I apologize, I am trying to understand how Lumens and Candelas are measured within a given space.
 
Let me try this another way. If it is an 8'x 8'x 8' room and I wanted 60 foot candles of light and I know that it will equal 4800 lumen. What would that equation look like? I can use an internet calculator for the information, but I am interested in seeing the actual equation, so I can change the size of the room or foot candles as needed.
 
squeekymouse said:
Let me try this another way. If it is an 8'x 8'x 8' room and I wanted 60 foot candles of light and I know that it will equal 4800 lumen. What would that equation look like? I can use an internet calculator for the information, but I am interested in seeing the actual equation, so I can change the size of the room or foot candles as needed.
For your problem, it seems that candela (lumens per unit of solid angle) are largely irrelevant to your problem. If a source is isotropic, meaning equally bright in all directions, then the number of candela will just be equal to the total number of lumens divided by 4pi steradians, which is the total solid angle of the entire sphere (all directions into which the source is emitting the light).
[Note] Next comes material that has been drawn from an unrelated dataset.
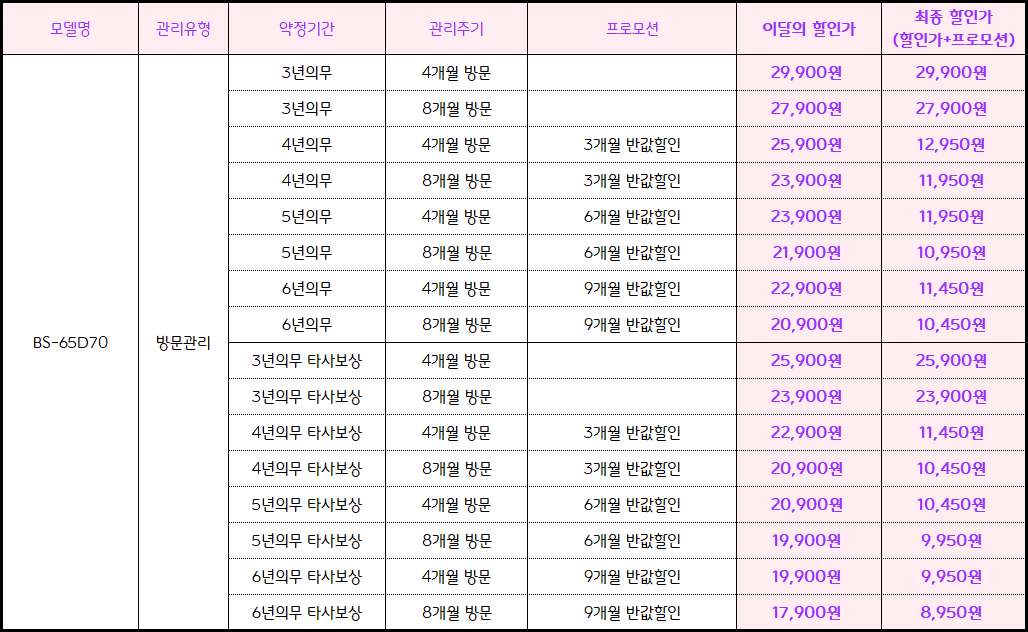 · 제휴카드 : 12,000원 ~ 30,000원 할인 (청호나이스 신한카드)

You want to know something different, which is the brightness or illumination (in lumens per unit area) at a certain viewing distance from the source. You are using foot-candles (lumens per ft2), but in the future I would strongly encourage you to use lux (lumens per m2) instead, because US/Imperial units are a pain.

Anyway, you've stated that you know for sure that the source emits a total output of 4800 lumens into the room. The question is what area that output will be spread out over at a given distance. Again, we'll assume that the source is isotropic (emits the same in all directions) so that we can just divide. (Otherwise you are dealing with differentials i.e. calculus). At the very edge of the room, the total output is spread out over a sphere of radius 8 ft. This sphere has total surface area 4*pi*(8 ft^2), which works out to about 804 ft^2. The number of foot-candles at the edge of the room will just then be

(total output in lumens)/(total surface area) = (4800 lm)/(804 ft^2) = 5.9 lm/ft^2

Or in other words, just under 6 foot-candles of illumination at the very edge of the room. If you need more, you need to either get closer to the light source or increase its total output (in lumens). I hope that helps.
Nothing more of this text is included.